Land of Fate
- Genre: Role-playing games
- Publisher: TSR
- Publication date: 1992
- Media type: Boxed set

= Land of Fate =

Tabletop role-playing game supplement

Land of Fate is an accessory for the 2nd edition of the Advanced Dungeons & Dragons fantasy role-playing game, published in 1992.

==Contents==
The Land of Fate set described the fictional land of Zakhara in the Al-Qadim campaign setting at length. Land of Fate describes the maps, geography, routines of daily life, fashion, customs, organizations, class status, the legal system, magical items, languages, calendars, 12 different desert tribes, 17 deities or deity types, and 27 city writeups in the "Adventurer’s Guide to Zakhara," along with DM-only secrets for each city in the "Fortunes and Fates" book.

==Publication history==
Land of Fate was published by TSR, Inc. as a boxed set containing a 128-page locations guide, a 64-page campaign guide, 8 loose Monstrous Compendium sheets, 12 cardstock mapsheets, 3 large color maps, and a plastic hex scale. Design was by Jeff Grubb with Andria Hayday, the cover was by Fred Fields, and illustrations by Karl Waller.

==Reception==
Gene Alloway reviewed Al-Qadim: Land of Fate Boxed Set in White Wolf #34 (Jan./Feb., 1993), rating it a 4 out of 5 and stated that "Al-Qadim: Land of Fate is an excellent addition to the Al-Qadim series. It expands the campaign world immensely and provides even more depth to an already fascinating place to 'visit.' Players will enjoy it a great deal. All it takes is some time and a lamp and a carpet ..."

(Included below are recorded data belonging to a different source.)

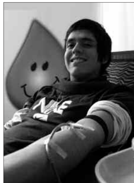
19:00ETATIK 21:00ETARA IZANGO DA ODOLA EMATEKO GARAIA.

Informazio gehiago e-posta honetan: odolausurbil@begira.com
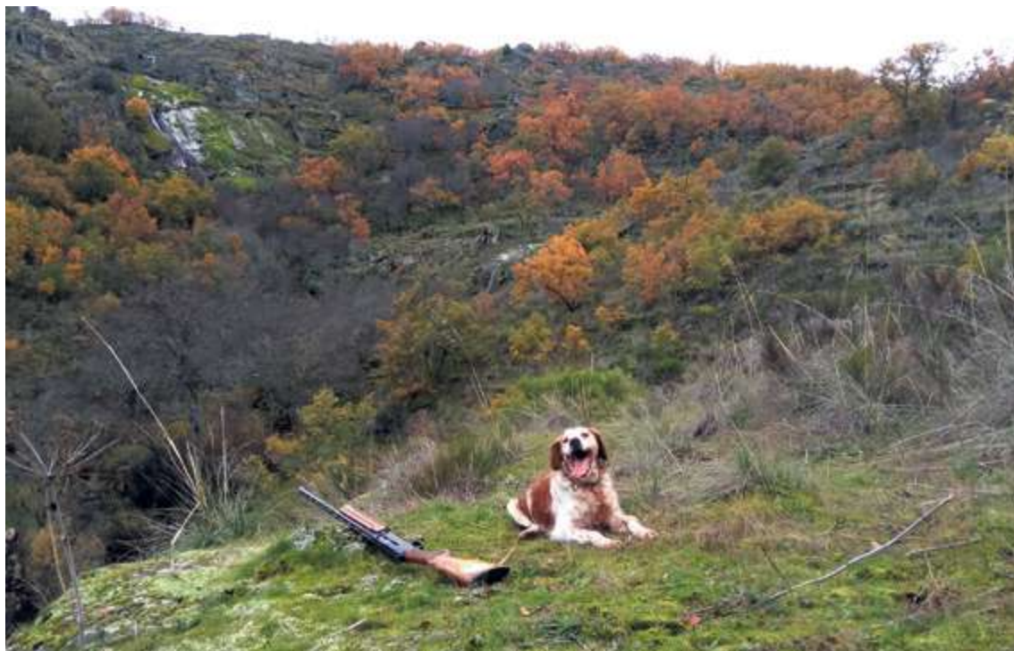
Argo en un descanso tras buscar las perdices en las Arribes | M. C.

Por esta razón no puedes desviar la atención ni un solo momento, porque habitualmente las perdices salvajes no aguantan la muestra del perro como algunos suponen,
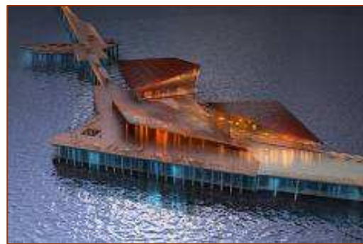
(Southend Pier, Royaume-Unis)
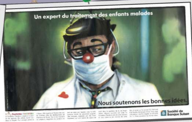
Un expert du traitement des enfants malades Nous soutenons les bonnes idées. En optant pour un financement basé sur le sponsoring social avec l'arrivée en 1994 d'EIM, premier partenaire-mécène, la Fondation a su s'imposer comme un précurseur dans le domaine de la récolte de fonds. En 2008, la Fondation peut compter sur le soutien de 13 entreprises-partenaires.
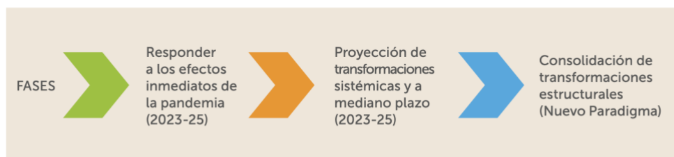
Figura 2. Pilares de la reactivación educativa
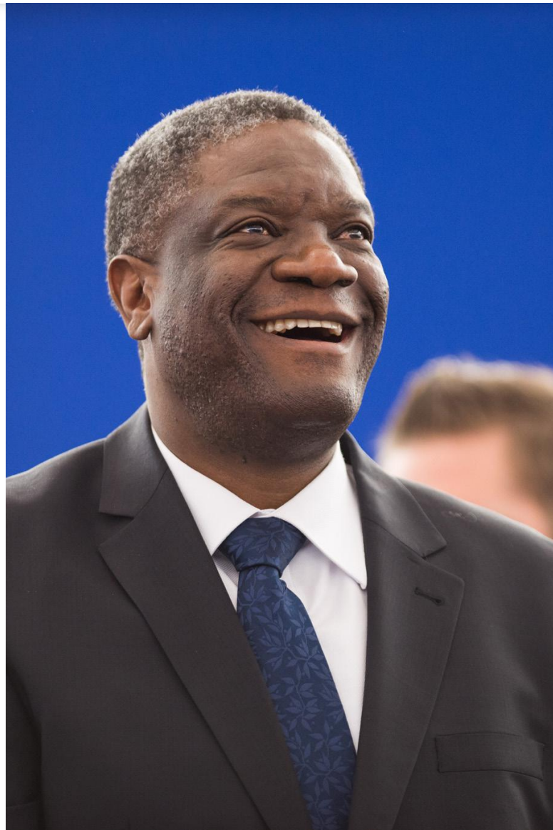
Doktor Denis Mukwege [1]

Když roku 1996 vypukla v DRK občanská válka, značnou část obětí tvořili i jeho pacienti. Mukwege sám na čas uprchl do Keni, poté se opět vrátil. Za pomoci švédské charitativní organizace a církevních příspěvků roku 1999 založil nemocnici Panzi ve městě Bukavu (v provincii Jižní Kivu, která byla jednou z nejvíce postižených válkou). Hlavním cílem bylo, a nadále je, vytvořit zázemí pro pomoc a léčbu ženám, na nichž bylo spácháno sexuální násilí. Jeho výskyt během války totiž značně vzrostl, stejně jako úmrtí žen během porodu, a to i několik let po válce. Válečná zranění tohoto typu totiž mnohdy zapříčiní problematický porod, v krajních
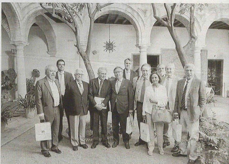
Participantes en el quinto Seminario Ibérico de Economistas.

Los economistas de España y Portugal defendieron además el
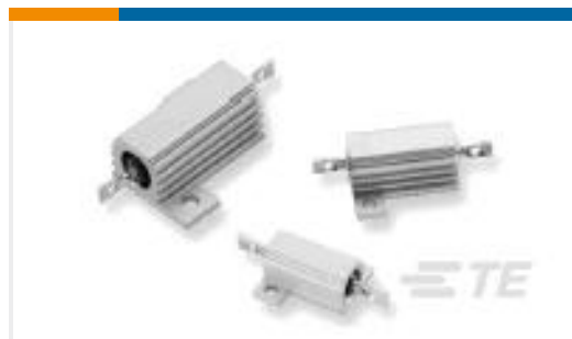
TE 产品编号2-1879074-3 THS15 50R 5%
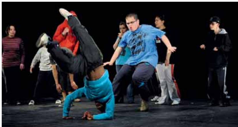
Les jeunes de l'IME Guy-Corlay de Saint-Brieuc sur scène lors du festival 2012.
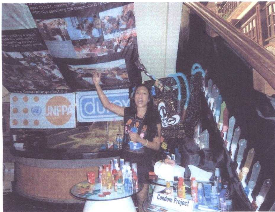
會場有保險套公司設攤介紹各種不同顏色味道之保險套
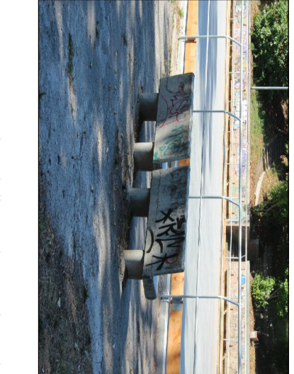
Sono conservativo delle scodelle esistenti
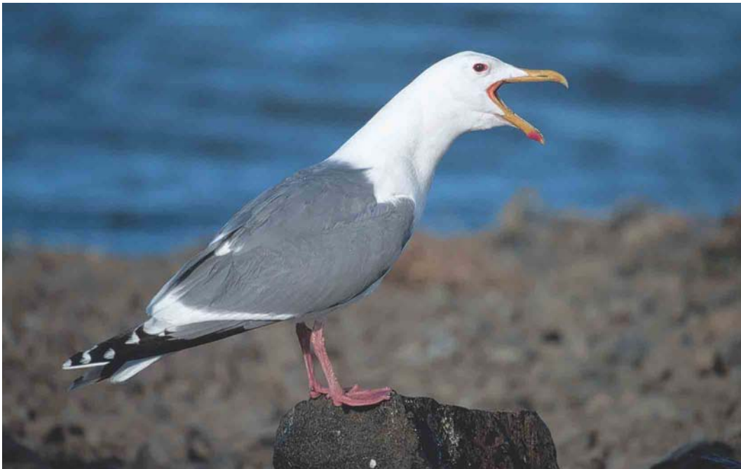
371 Vega Gull / Vegameeuw Larus mongolicus vegae , Chukotka, Siberia, Russia, June 2000 (Chris Schenk)
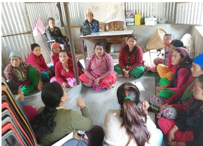
Figure 11: Focus Group Discussion (FGD) with LNOB
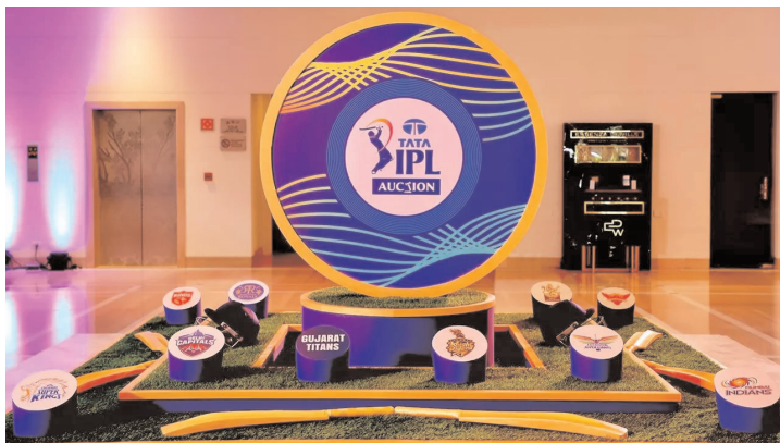
ఐలగం టీవి, బెంగళూరు

ఐపీఎల్ 2025 మెగా వేలానికి సంబంధించిన రిటెన్షన్ పాలసీని బీసీసీఐ ఖరారు చేసినట్లు సమాచారం. బెంగళూరు వేదికగా జరిగిన బీసీసీఐ 93వ సాధారణ సర్వసభ్య సమావేశం(ఎజీఎం) జరిగింది. ఈ మేరకు అతి త్వరలోనే బీసీసీఐ ఐపీఎల్ 2025 రిటెన్షన్ పాలసీని అధికారికంగా ప్రకటించనుంది.
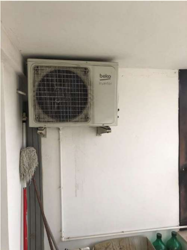
Foto 12 - terrazzo
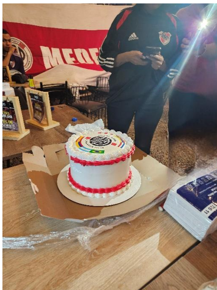
Figura 7. Integrantes Filial River Plate Medellín
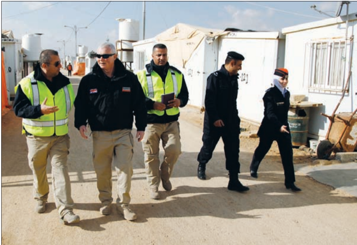
الاردن يبدأ بتسيير دوريات للشرطة الاجتماعية في مخيم الزعتري

عواصم - وكالات: نفى الجيش السوري الحر التصريحات التي ادلى بها رئيس هيئة الأركان الروسية والتي قال فيها إن الجيش الروسي يقدم دعما عسكريا له في سورية.
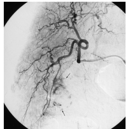
Abb. 2 (a) Arterielle DSA nach Sondierung der Arteria mesenterica superior. Der Sidewinderkatheter (offener Pfeil) wurde in die Arteria pancreaticoduodenalis inferior in superselektiver Lage platziert. Retrograde Füllung über die Pankreasarkaden in die Arteria gastroduodenalis. Die Pankreasarkade ist sehr kräftig und versorgt den rechten Leberlappen mit. Als Variante zweigt die Arteria gastroduodenalis distal der Arteria hepatica sinistra aus der Arteria hepatica communis ab. Darstellung des in Segment 5 gelegenen Tumors, der auch von Ästen der Arteria hepatica dextra gespeist wird (Pfeile). (b) Superselektive Sondierung der Arteria hepatica dextra an der Arteria gastroduodenalis vorbei. Kräftige tumorale Parenchymkontrastierung mit pathologischen Gefäßen und Kontrastmittelextravasat in Segment 5 (Pfeile).

ßen Polyvinylalkohol-Partikeln (Contour, Fa. Cook, Mönchengladbach) embolisiert (Abb. 3). Die abschließende Kontrollserie zeigte neben einem vollständigen Verschluss der tumorversorgenden Segmentarterien 5 und 6 als unerwünschtes Ergebnis auch einen Verschluss der Segmentarterien 7 und 8 durch Verschleppung des Embolisates in den oberen Ast der Arteria hepatica dextra (Abb. 4). Die Arteria hepatica
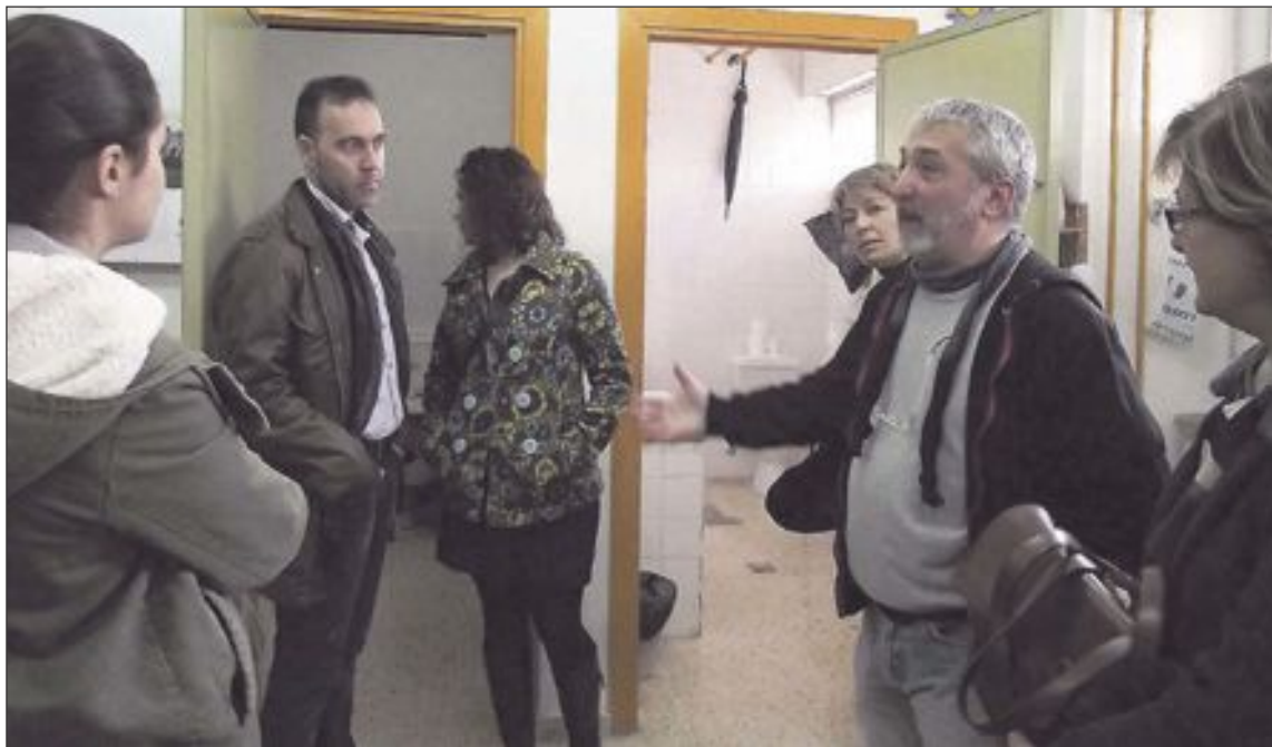
El centro lleva años reivindicando su adecuación ya que asisten 60 alumnos cuando tiene capacidad para veinte

El nuevo edificio tendrá tres aulas para alumnos de ciclo A (de 3 a 8 años), otras tres, para alumnos de ciclo B (de 9 a 16 años) y dos, para alumnos de ciclo C (de 17 a 21 años). También contará con una sala de usos múltiples, salas de rehabilitación e hidroterapia, un comedor y la vivienda del conserje. Estas dos últimas estancias serán demolidas para crear otras nuevas.
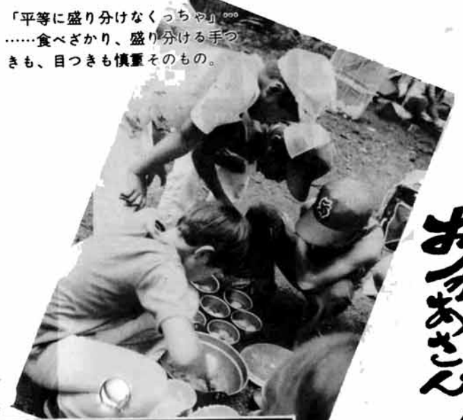
「平等に盛り分けなくっちゃ」……食べざかり、盛り分ける手つきも、目つきも慎重なもの。
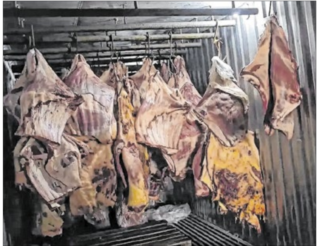
De acordo com as investigações, o grupo vendeu a carne para outras empresas

Allen Varney reviewed Land of Fate for Dragon magazine #219 (July 1995). He began by saying: "It makes sense, unfortunately, that the Land of Fate box quickly followed the Al-Qadim rulebook as its first supplement. The rulebook briefly introduced the setting of Zakhara, but this set described it at length. A campaign needs this basic data", but with everything in Land of Fate, he said, "It's all very large." He went on to say: "In principle the jottings of a campaign set can be satisfying in themselves. In the Land of Fate set, they make for dry reading. We get a useful chapter on all aspects of daily life, and a couple of wonderful sidebar articles on the Zakharan coffee ceremony ("the measure of a good host") and pearl diving, the stuff of memorable scenes in an adventure. The rest is a sandstorm of little details, one-paragraph character outlines, societal tidbits (we're told twice that worshippers in Zakhara "prostrate" themselves), and jottings. With work you could assemble any dozen jottings into a free-wheeling adventure like the loose-jointed Arabian Nights tales, where one thing follows another without much logic. But not much of Land of Fate matches the screwy imagination of the best Nights tales. At times the designer's creativity clearly flags, such as in this candid beginning to an entry describing the secrets of Hilm: "The City of Kindness is boring." And, as with the rulebook, there is no hint in all these pages of how to develop these jottings into a memorable, characteristically Arabian campaign." Varney concluded the review by saying: "Parts of the Land of Fate boxed set enhance any Al-Qadim campaign, but its length is excessive and its inspiration uneven. Unless you plan to construct a long, ambitious campaign, you can probably get along without this box."